36th Mayor of Austin
- In office 1909–1919
- Preceded by: Frank M. Maddox
- Succeeded by: William D. Yett

Personal details
- Born: April 13, 1847 New Orleans, Louisiana, U.S.
- Died: September 8, 1930 (aged 83) Austin, Texas, U.S.
- Spouses: ; Ellen Waggener ​ ​(m. 1874; died 1903)​ ; Nellie Wylie Holde ​(m. 1917)​
- Children: 7
- Alma mater: University of Virginia

= Alexander Penn Wooldridge =

American lawyer

Alexander Penn Wooldridge (April 13, 1847 – September 8, 1930) was an American politician and attorney who served as the 36th mayor of Austin from 1909 to 1919.

==Biography==
Wooldridge was born in New Orleans on April 13, 1847, to Absalom and Julia Webber Davis. After graduating from the University of Virginia, he became a professor of physical science at Bethel College. In 1872, Wooldridge moved to Austin, Texas, where he became an attorney.

In the early 1890s, he led the campaign to build the Austin Dam across the Colorado River; the dam failed in a flood in 1900. Wooldridge was the president of Austin's City National Bank in 1896 and also served as the first President of the Board of Trustees of the Austin Independent School District. He is sometimes called "The Father of Public Education in Austin." In 1909, he was elected as Mayor of Austin. During his tenure, the Spanish Flu epidemic of 1918 occurred. At the height of the epidemic, the city passed an ordinance closing the state university, all public and private schools, and all churches for a period of 30 days. He retired from the position in 1919.
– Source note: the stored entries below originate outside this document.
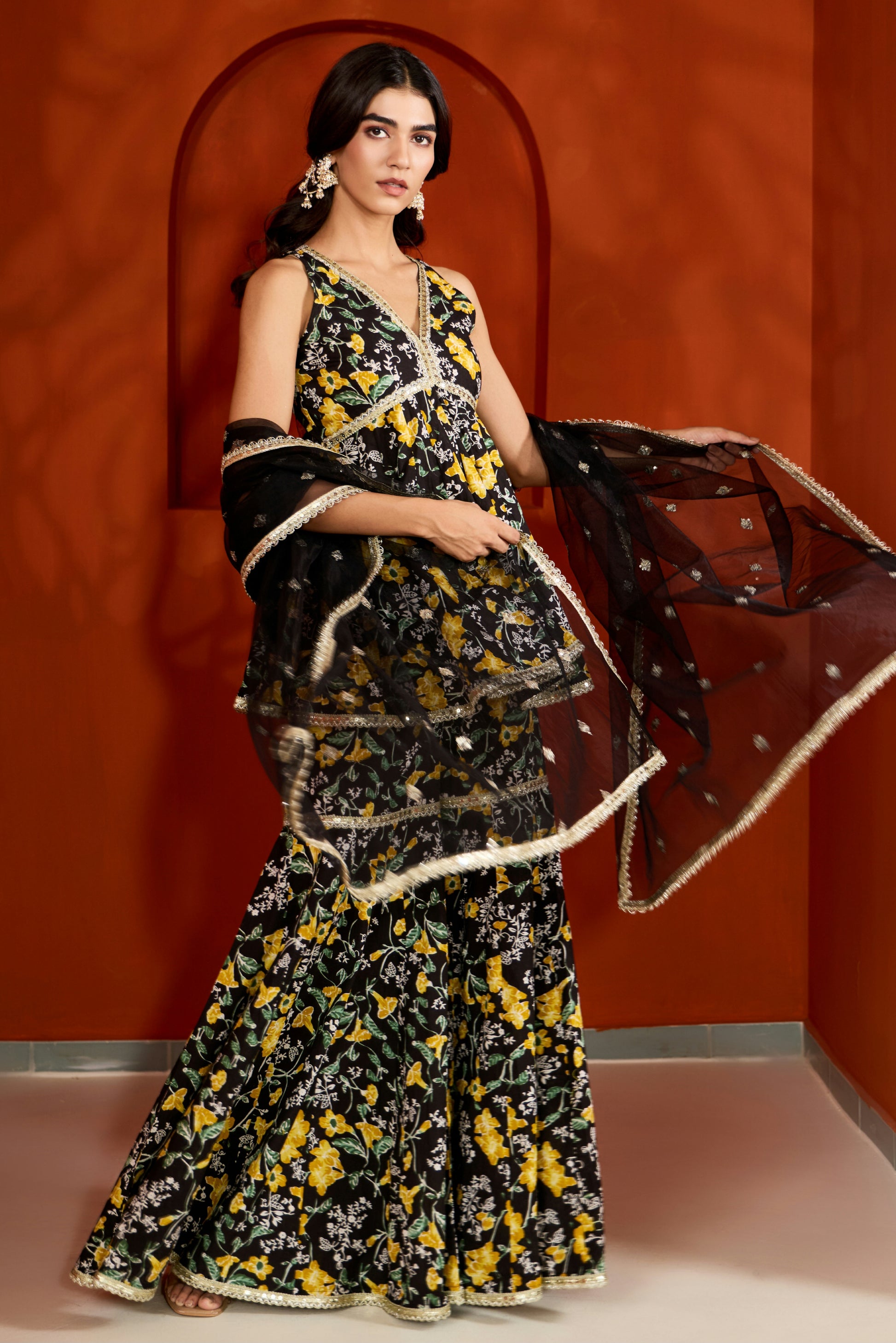 - Printed Short kurta with Sharara & Dupatta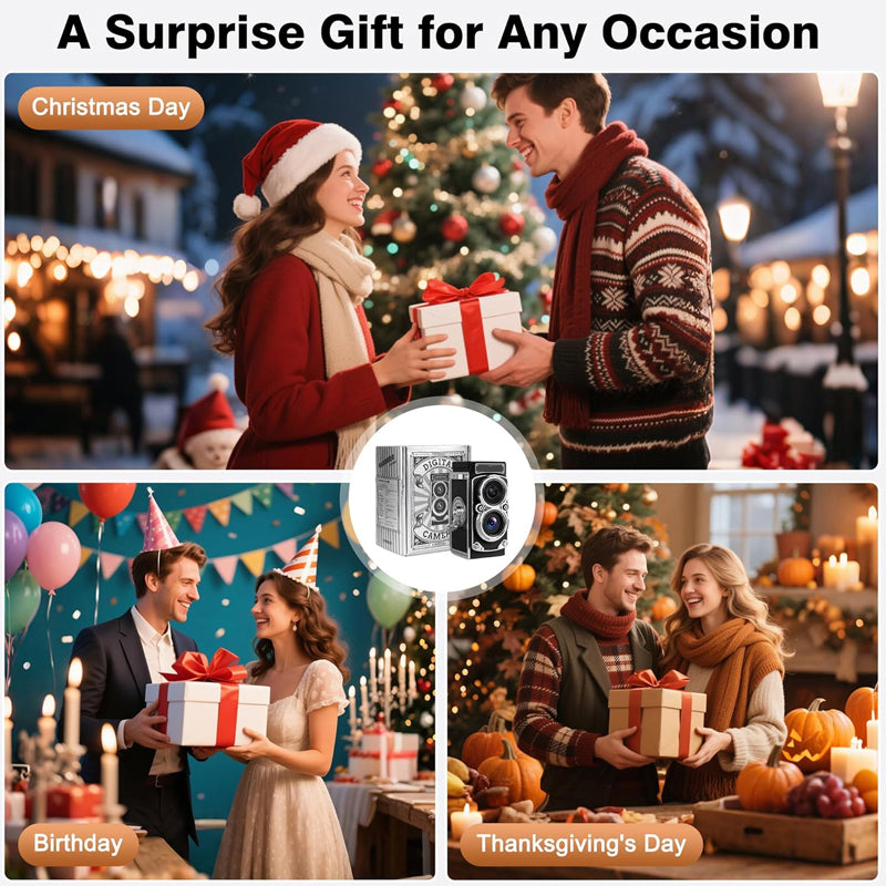 • Ideal gift choice: The package includes a vintage camera, a SD card, a stylish lanyard, and a Type-C cable, all neatly packed in an exquisite gift box. It's the perfect gift for boys, girls, and teens on birthdays, Christmas, or any special occasion. It will bring a lot of joy and record lasting memories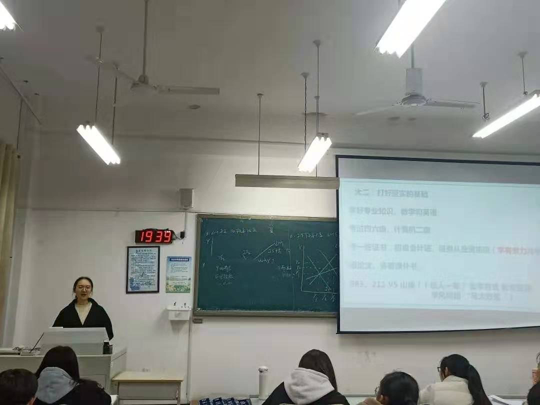 宣讲会首先由国家奖学金获得者彭子姝、陈纪琦以及省级奖学金获得者程秀娟为19级新生分享她们获得奖学金的心得体会,师姐们主要针对工作、学习以及生活三方面给出了自己的建议,督促同学们要努力学习,平衡好三者之间的关系,争做新时代所需要的全面发展人才。最后,师姐们对新生们所提出的关于学习以及生活的各种问题提出了自己的解决办法,起到了良好的榜样学习作用。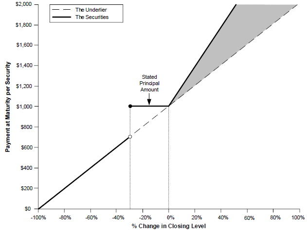 ↓到期兑付。到期时,如果最终水平大于初始水平,投资者将获得规定的本金金额加上杠杆上行支付。如果最终水平等于或低于初始水平,但大于或等于下行阈值水平,投资者将在到期时仅获得规定的本金金额。然而,如果最终水平低于下行阈值水平,投资者将在证券期限内基础证券水平每下降1%损失1%。在这种情况下,到期偿付将大大低于规定的本金金额,可能为零。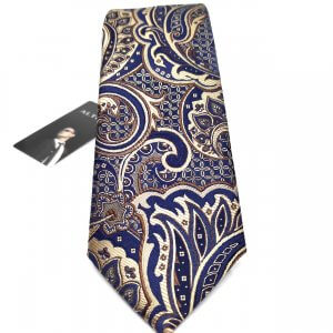 Elegancki Krawat Granatowy Beżowy Wzór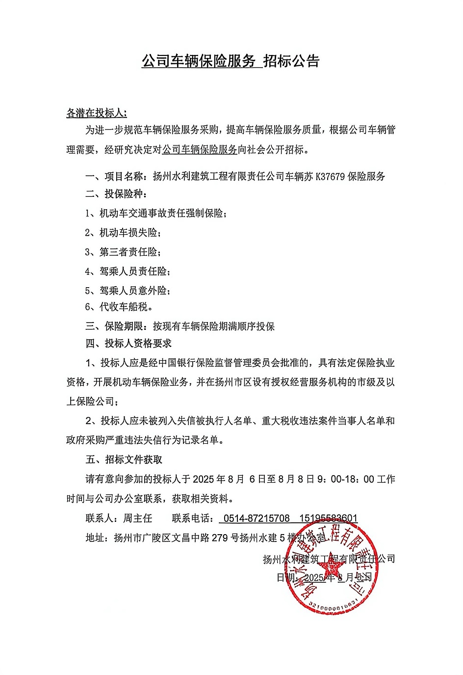 公司車(chē)輛保險(xiǎn)服務(wù)招標(biāo)公告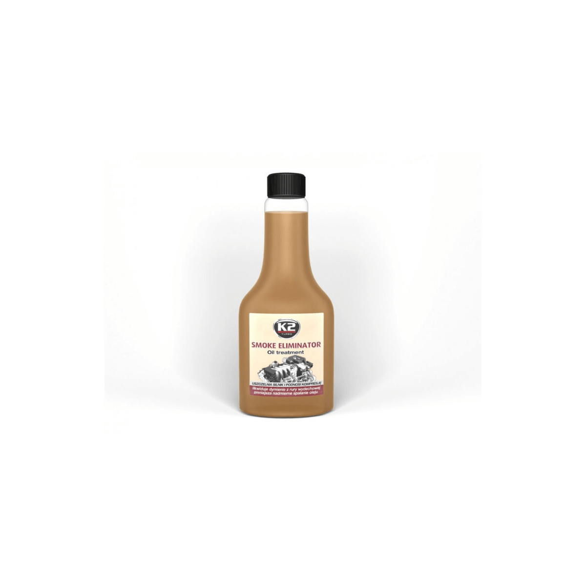 355ml K2 SMOKE ELIMINATOR is a highly concentrated, specially designed oil soluble treatment to reduce exhaust smoke and oil burning. Improves compression and engine performance, reduces engine noise. Ensures a strong protective oil lm - when added to the mineral oil, enriches its properties and makes them similar to synthetic oil characteristics. For use in all types of engines, both worn and new, gasoline, LPG and Diesel. Miscible with all types of mineral and synthetic oils. Can also be added to the gear oils of GL-5 class to quiet and seal the transmission. Particularly recommended for engines operating in heavy load conditions (mountain towing, high temperatures, full speed drive on highways, city traffic). Does not contain harmful P.T.F.E.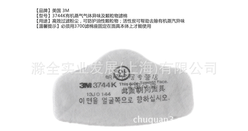 正品3M 3744K颗粒物/有机蒸气异味滤棉
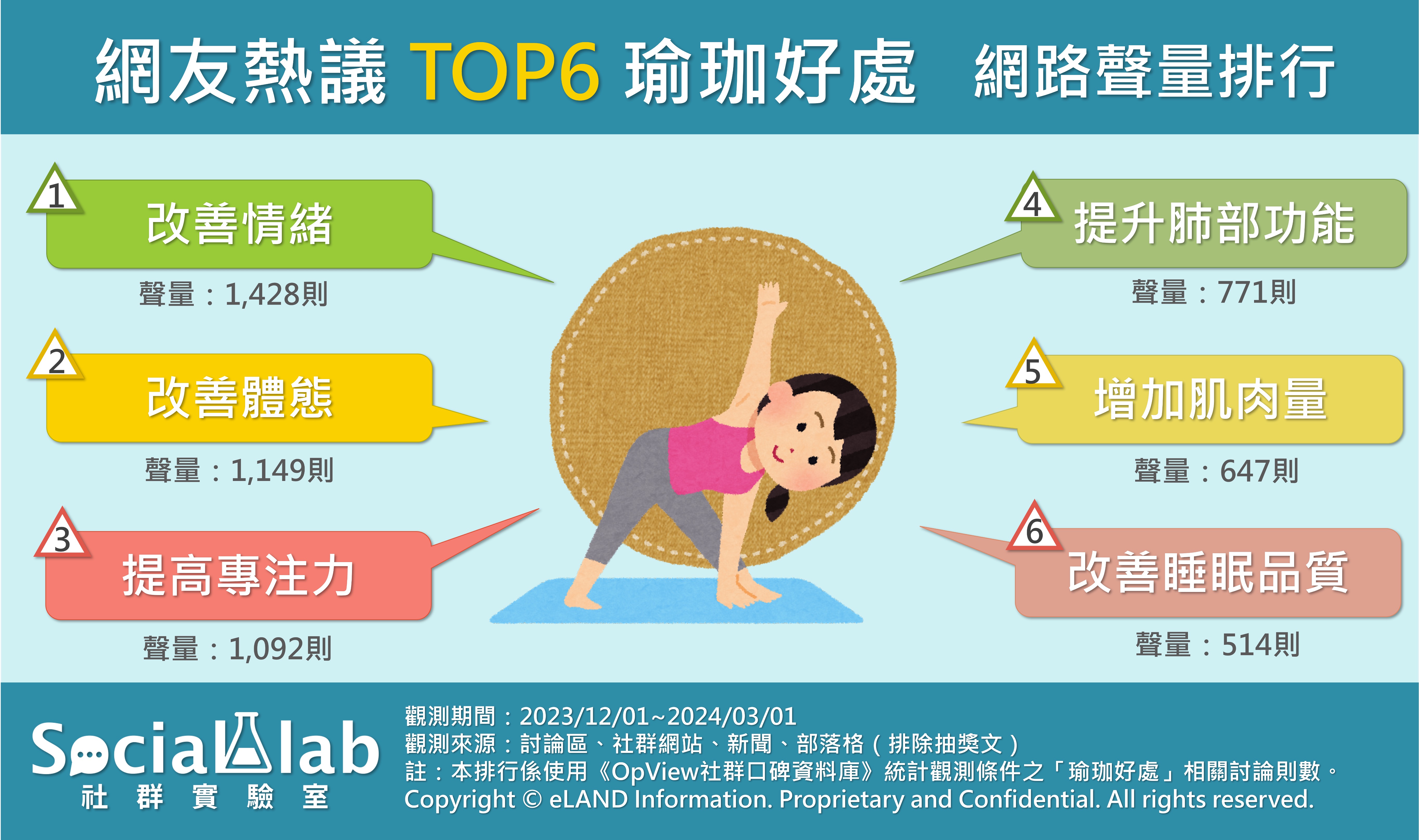 ▲ 網友熱議TOP6瑜珈好處 網路聲量排行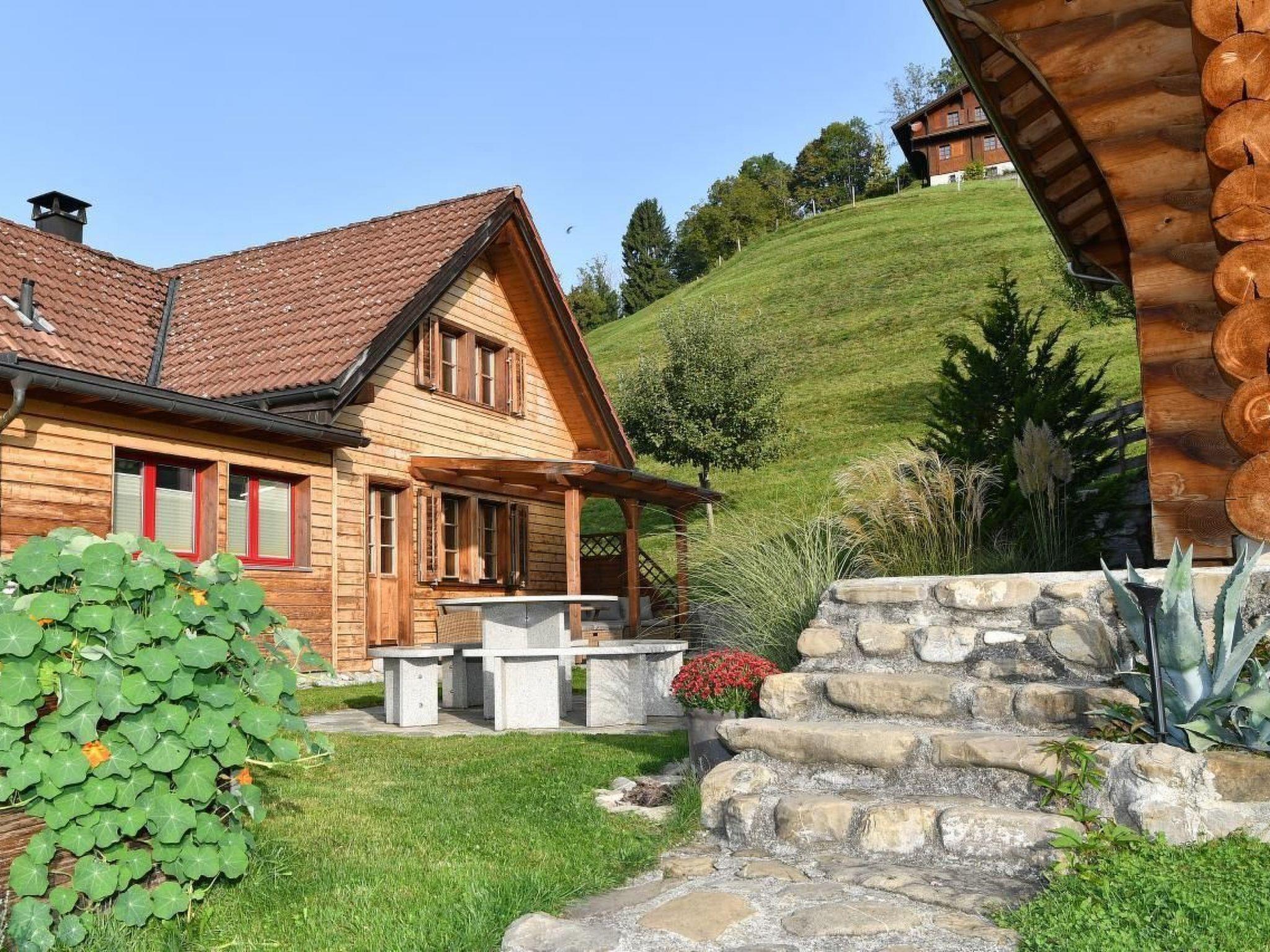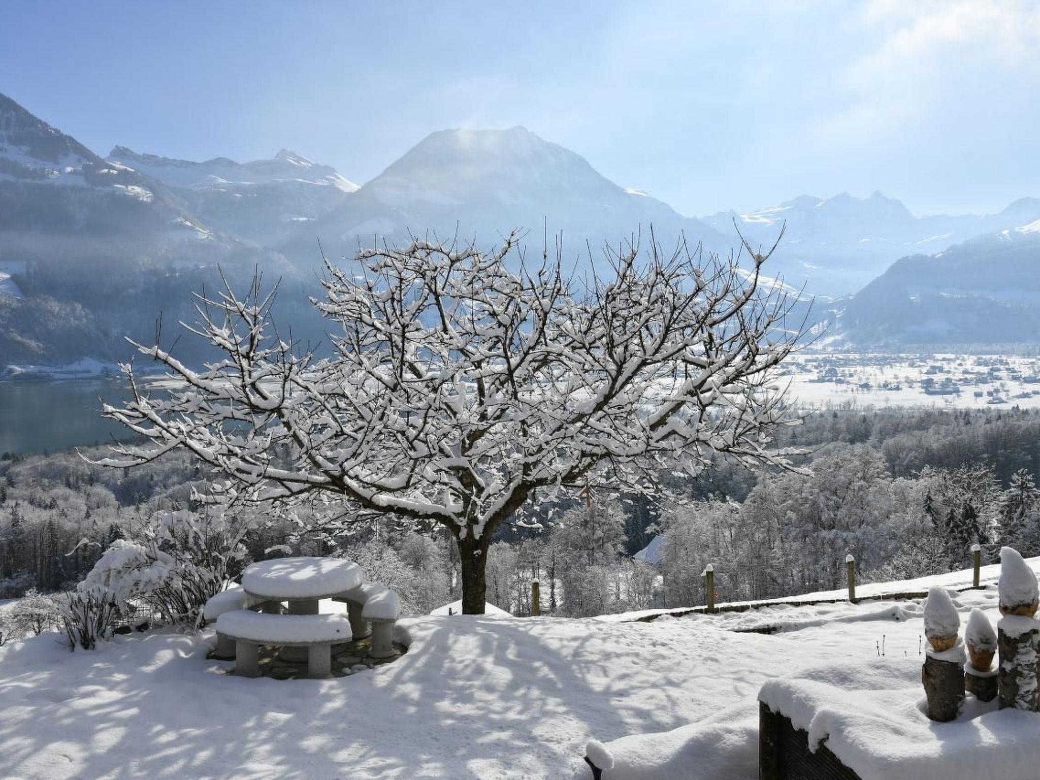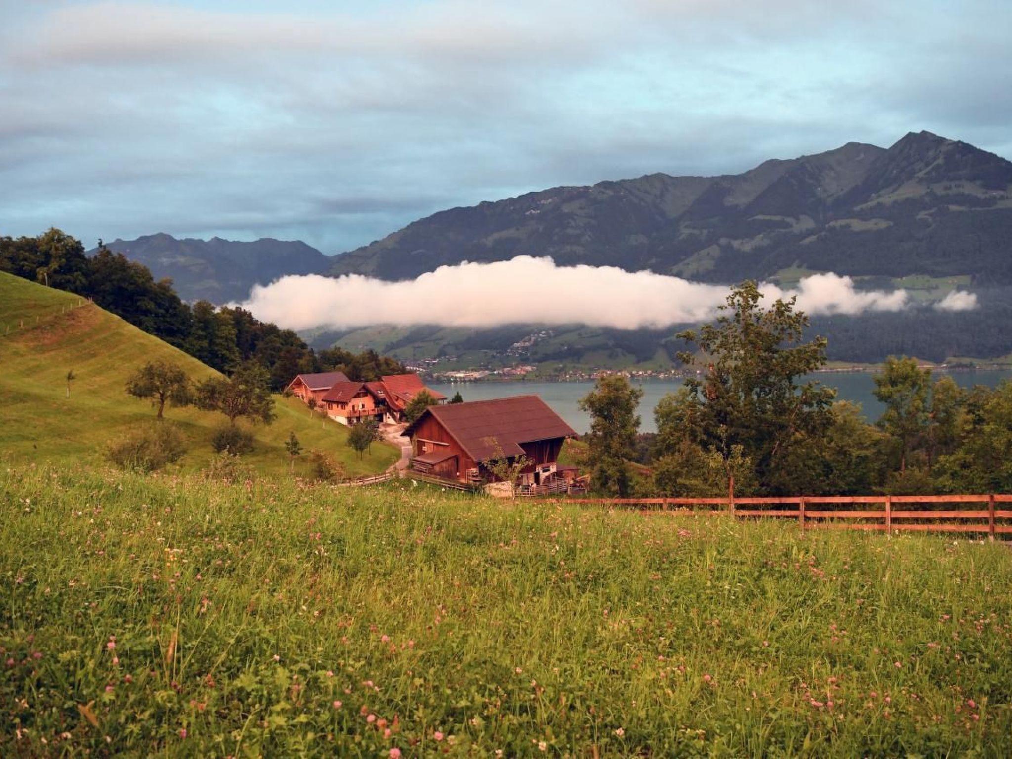 Discover our quietly situated holiday home in the middle of our Lamahof, which promises you a unique time-out in harmony with nature. Enjoy the rustic cosiness of our newly renovated wooden house, equipped with a breathtaking balcony and garden seating area, from where you can enjoy the picturesque view of Lake Sarnen and the surrounding mountain panorama to the full. The house is the ideal starting point for your adventures in the mountains of Central Switzerland and promises unforgettable moments in idyllic surroundings.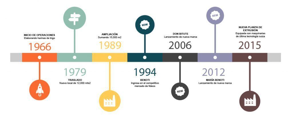 Al inicio elaboró solamente harina de [blank_start]1966[blank_end] panificación, gozando de la aceptación de las principales panaderías de la Gran Lima y la colonia italiana. [blank_start]1989[blank_end] En el transcurso del tiempo extiende su portafolio, buscando una diferenciación y satisfacer las necesidades de sus clientes, produciendo otro tipo de harinas como pastelera, panetonera, galletera, integral, entre las más conocidas.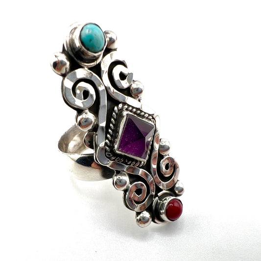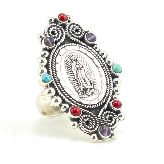 Size 7.5 silver ring with virgin adorned with coral turquoise amethyst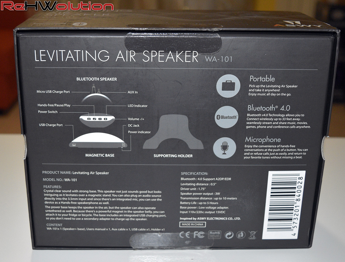 ASWY ONDO AIR Levitating Bluetooth Speaker: specifiche tecniche–>
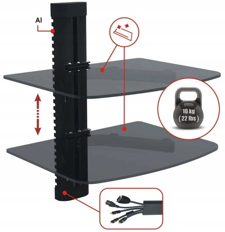 Półki wykonane są z hartowanego szkła o grubości 5 mm, które cechuje się wysoką odpornością na uszkodzenia. Stabilny stelaż z metalu i aluminium gwarantuje bezpieczeństwo użytkowania, a maksymalne obciążenie do 10 kg zapewnia bezpieczne przechowywanie sprzętu elektronicznego.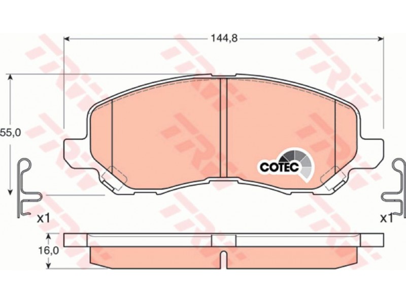 Criteries : Επαφή προειδοποίησης φθοράς με ηχητική προειδοποίηση φθοράς, Πάχος [mm] 16, Περιορισμός κατασκευαστή AKEBONO, Πλάτος [mm] 144,8, Στοιχεία ελέγχου E9 90R 01107/380, Συμπληρωματικό προϊόν / συμπληρωματική πληροφορία με αξεσουάρ, Υψος [mm] 55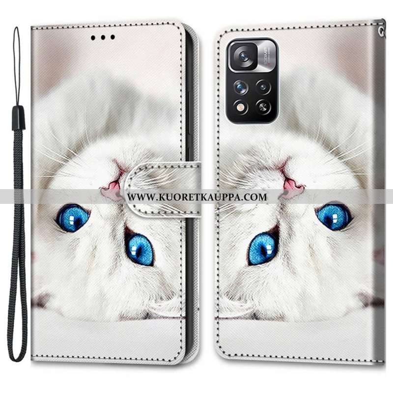 Kotelot Xiaomi Redmi Note 11 Pro Plus 5G Suojaketju Kuori Valkoinen Kissa Hihnalla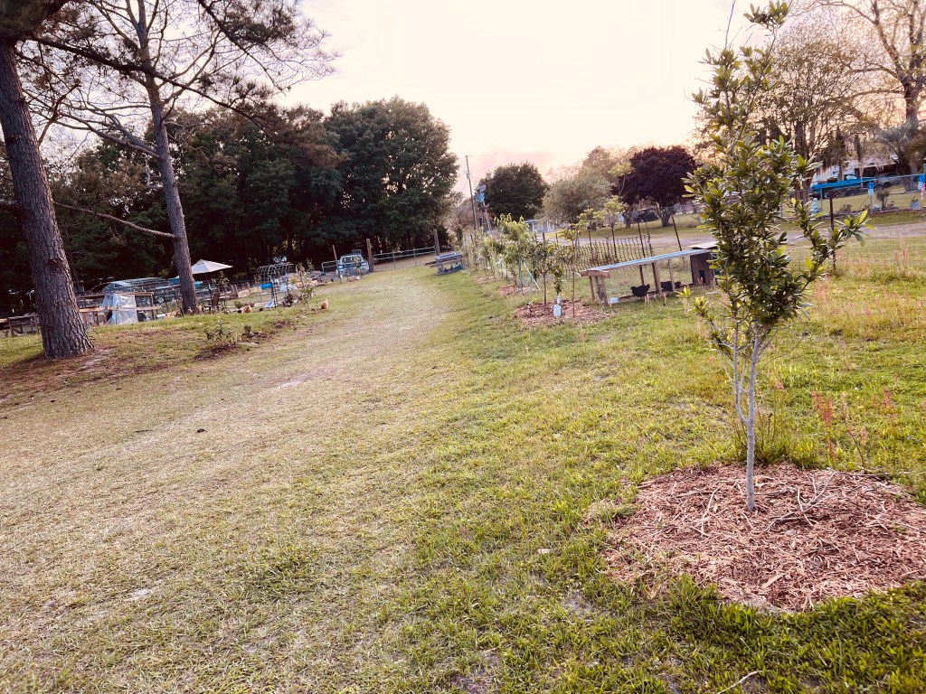 I’ve added some more mounded beds since these pictures were taken as well… Mr. Awesome saved me some backache and a couple of days’ worth of work by using the tractor to bring the dirt to the garden. I’m hoping to create a ‘secret garden’ space for me.

Wooldridge died on September 8, 1930, in Austin, Texas. he is buried in Oakwood Cemetery.

==Personal life==
On September 18, 1874, Wooldridge married Ellen Waggener. They had seven children together. After her death, he married Nellie Wylie Holden on July 9, 1917. Wooldridge Park and Wooldridge Elementary School are named after him.